Telomere length determination

Genomic DNA was extracted from myoblasts and telomere length was measured by a qPCR based method as previously described by Mamchaoui et al. (Skeletal muscle 2011).

Statistical analysis

Results are shown as mean ± S.D. unless otherwise stated. Student’s t test was used for comparison of the means among groups (myoblasts from young and old). The basic criteria for normality and homoscedasticity have been tested by the Shapiro-Francia and Bartlett’s tests. When normality or homogeneity of variance were not verified, Kruskal–Wallis tests were computed to compare groups. All statistical analyses were performed using the software STATA v.9.0. (Stata Corp. Texas, USA).

Western blot analysis

Frozen muscle biopsies were lysed in TEAD buffer (Tris–HCl 20 mM pH 7.5, EDTA 1 mM, NaN3 1 mM, DTT 1 mM) containing protease inhibitor cocktail (Sigma-Aldrich, St.
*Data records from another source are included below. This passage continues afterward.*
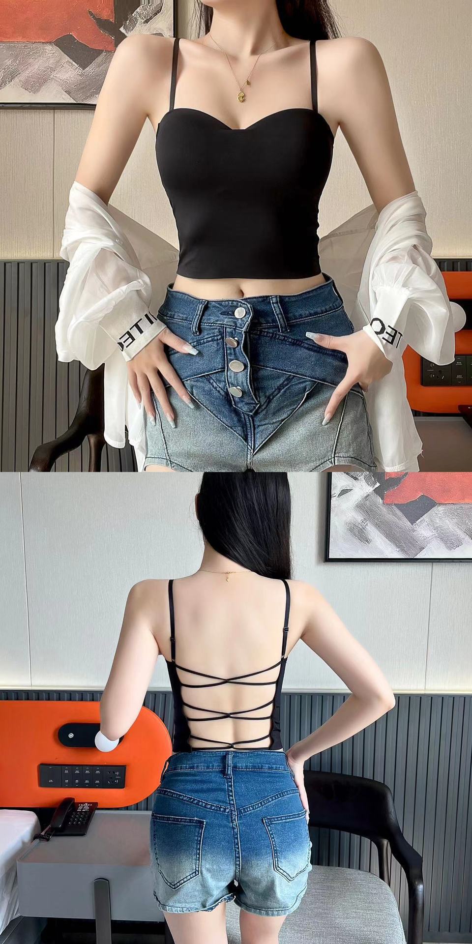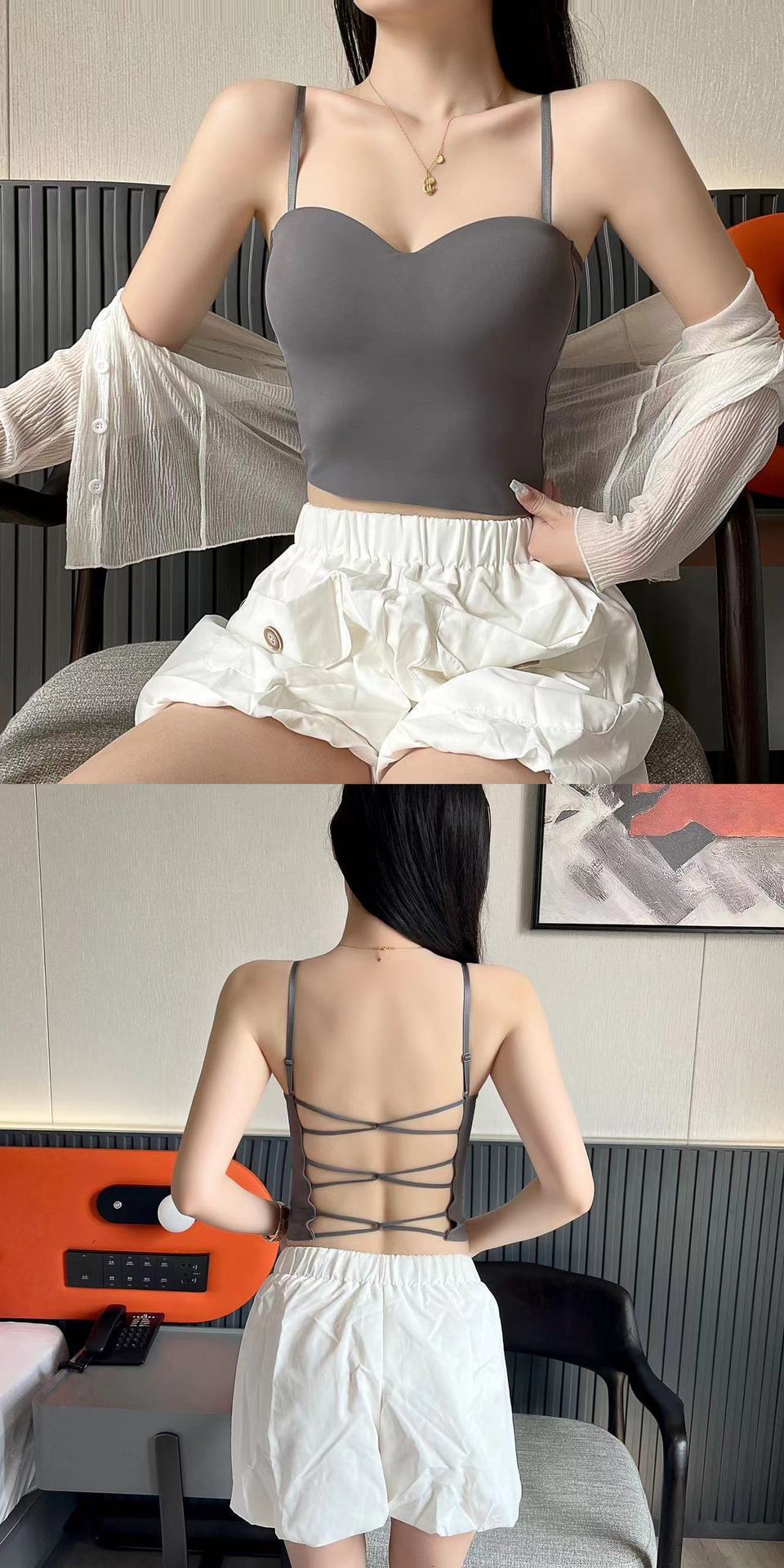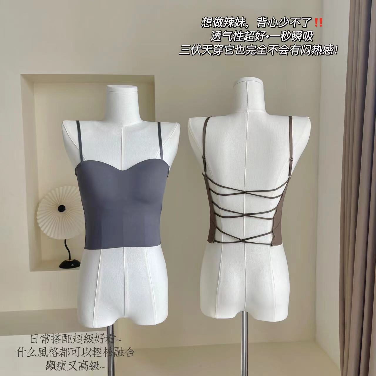 Seda de Hielo Hermoso Espalda Top de Tubo Tirantes Chaleco Sin Marcas Copa de Una Pieza Espalda Hueca Hermosa Uso Interior Ropa Interior Sexy de Spice Girls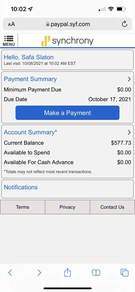My synchrony bank account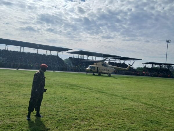 The military chopper bearing the remains of Raila leaves the Kisumu International Airport for the Mamboleo grounds in Kisumu.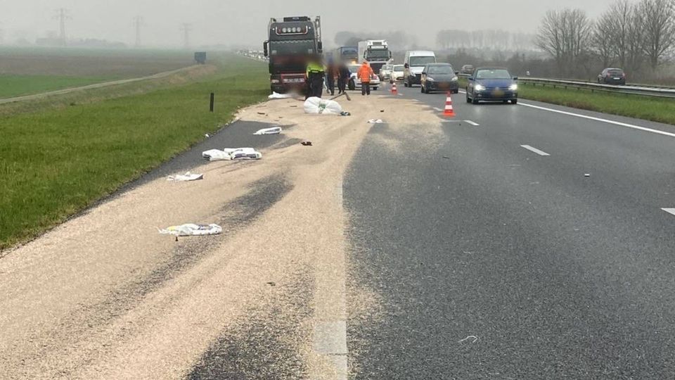 Wie vrijdagmiddag de weg opgaat zal te maken krijgen met extra reistijd van ongeveer 45 minuten. Hoe lang het zal duren voordat de troep is opgeruimd, is niet bekend.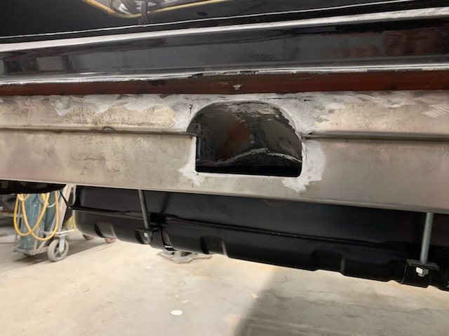 One of the the issues I had to find a solution for was a gas filler location. The previous owner had the fender opening closed up and the filler neck came out in the trunk over the left rear wheel well. I didn’t like it being so far in the trunk and in a weird place to access. Having built a A-body car I decided to build it so the filler would come out the rear bumper behind the tag. The new mini tub eliminated the previous filler location. I told Randy what I wanted to do and asked if he could make a slight relief in the trunk floor.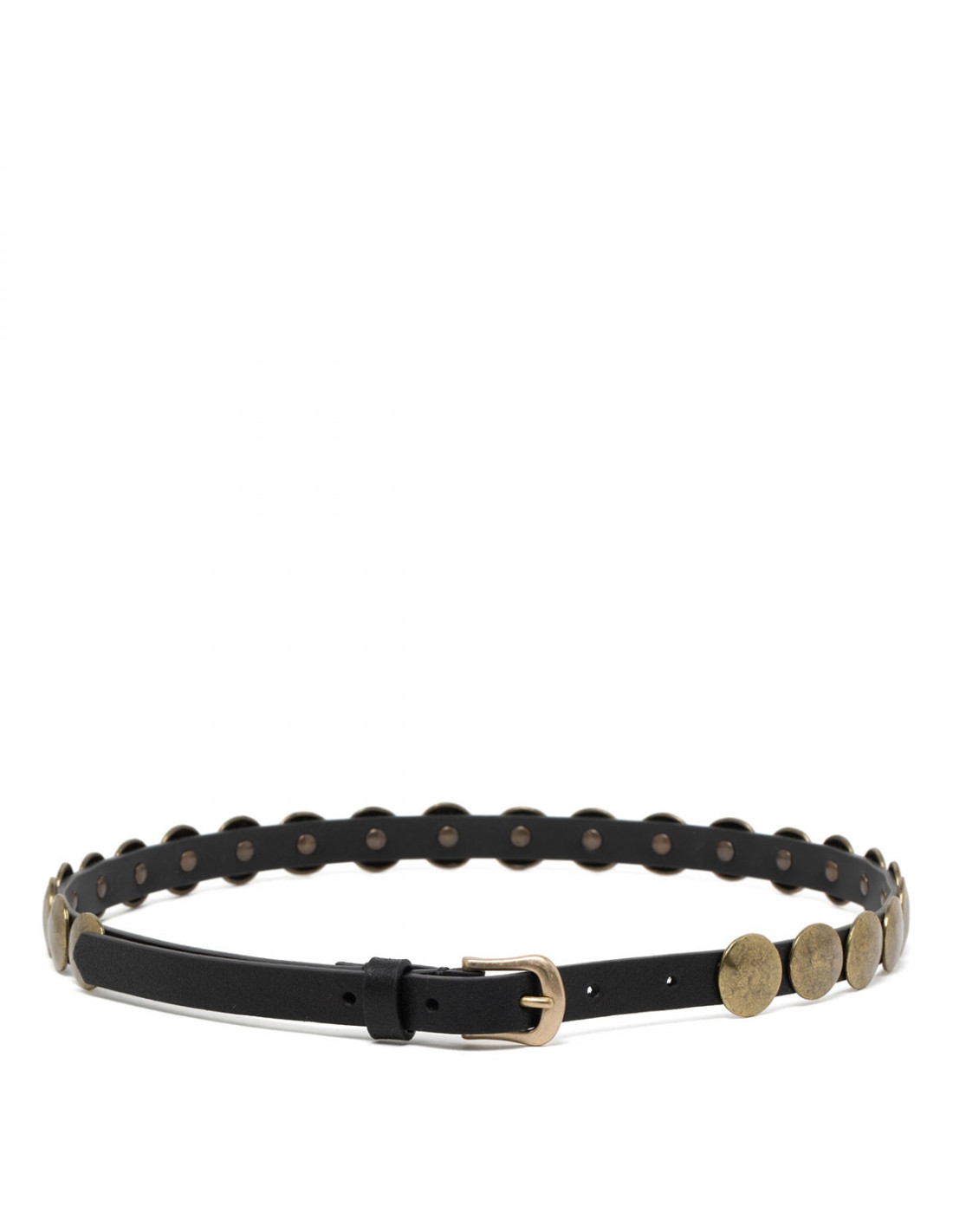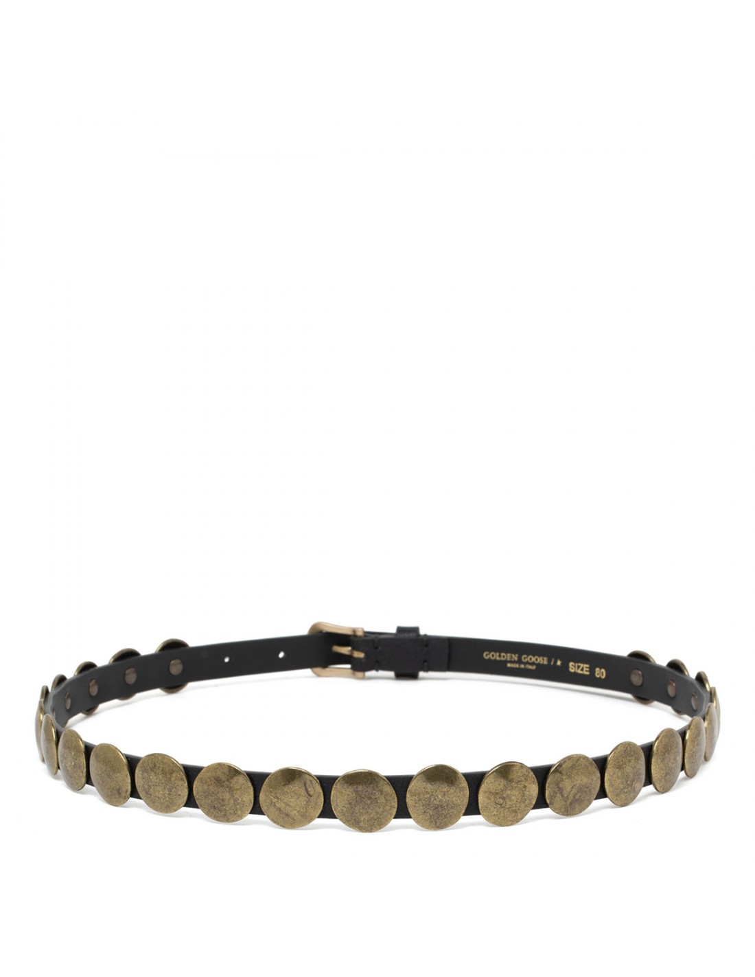 Black washed leather Trinidad belt from Golden Goose featuring gold-tone maxi studs along entire length, buckle closure and leather loop.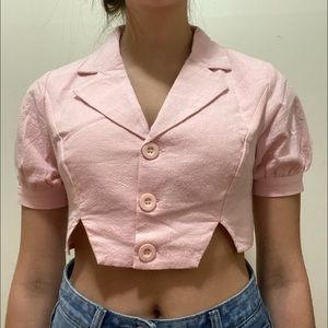 Three button pink cropped top, NEVER WORN!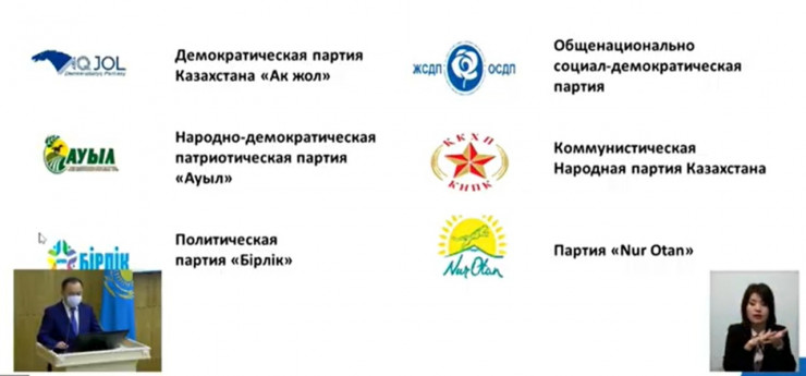 Партия Nur Otan, "Ак жол", Коммунистическая народная партия Казахстана, "Ауыл", "Бiрлiк" и Общенациональная социал-демократическая партия. Вышеуказанные политические партии являются действующими. Сведения о реорганизации, ликвидации вышеуказанных партий отсутствуют. Все партии имеют свои структурные подразделения", - сказала вице-министр юстиции Наталья Пан на заседании Центризбиркома.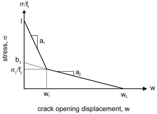 The bilinear tension softening diagrams of each specimen tested were calculated from the three-point bending test curves recorded. This diagram is an important fracture property, especially when a numerical analysis of the fracture behaviour of concrete is needed, since it could model the fracture mechanism of material [44]. In this work, it has used an inverse analysis method that is based on the non-linear hinge model described in [14,45,46] to determine the parameters that defines the bilinear tension softening diagram (see Figure 5). It is worth noting that a qualitative analysis of the influence of the microstructure in the fracture behaviour of concrete can be completed from their corresponding bilinear softening diagrams, as was carried out in other authors [14,15,47,48]. The first steep linear branch of the softening diagrams is mainly a consequence of the microcracking process and the second linear branch is due to the frictional dissipation processes (e.g., aggregate interlock). The determination of the bilinear softening diagrams consists of the minimization of the sum of square errors between the experimental and theoretical values of the load that were obtained for each deflection value, in accordance to the analytical expressions that are given in [49]. The optimization problem is solved in steps corresponding to the different phases of crack propagation.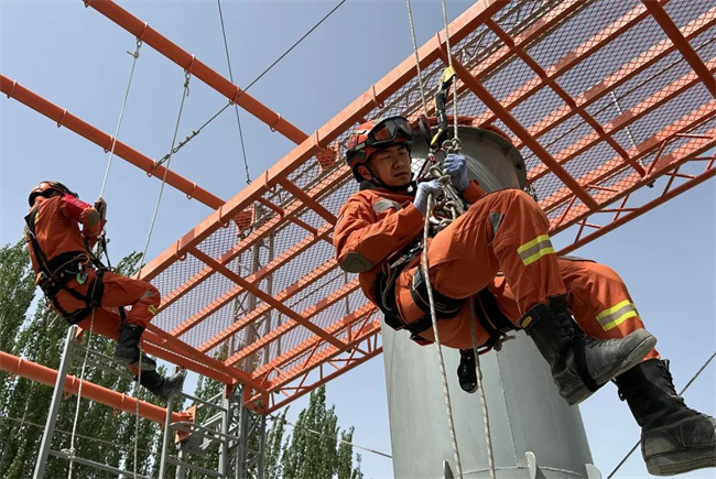 期间,教练员结合参加培训收获和学习内容,认真编写课件教案,按照“先简后繁、由易到难、循序渐进”的原则,面对面教方法、手把手传技能、互动式讲心得,重点对装备穿戴、锚点制作、担架固定、一对一救援、过偏移点、绳索系统搭建等科目进行了训练,认真示范每个动作,时刻强调安全事项,积极解疑答惑,并通过小抽考、小比拼、小会操的形式,充分调动参训人员的训练积极性,有效检验训练效果,不断锤炼指战员在实战环境下应用绳索救援技术的过硬心理素质和救援技能。

Louis, MO, USA) and phosphatase Inhibitor Cocktail 2, (Sigma-Aldrich, St. Louis, MO, USA), homogenized using a motor-driven homogenizer and centrifuged at 25,000 g for 1 h at 4  C. The supernatant containing the total protein extract was quantified by Bradford’s method. Tissue lysates were stored at −80 °C until analysis. About 40 μg of the total protein was separated in 12 % SDS-polyacrilamide gel and transferred to a nitrocellulose membrane (Trans-Blot Transfer Medium, Bio Rad, Hercules, CA) and immunoblotted under standard conditions with primary antibodies, as follows: 1:500 rabbit monoclonal C22B4 anti-NF-kB p65 (Cell Signalling Technology, Millipore, Beverly MA USA), 1:500 rabbit monoclonal 93H1 Phospho-NF-kB p65 (Ser536) (Cell Signalling Technology, Millipore, Beverly MA USA), and 1:10,000 mouse monoclonal SAP.4G5 anti-\( \tilde{\beta } \)-tubulin (Sigma-Aldrich, St. Louis, MO, USA). Anti-mouse or anti-rabbit immunoglobulin G horseradish peroxidase secondary antibodies and an enhanced chemiluminescence detection kit were from Santa Cruz Biotechnology, CA, USA).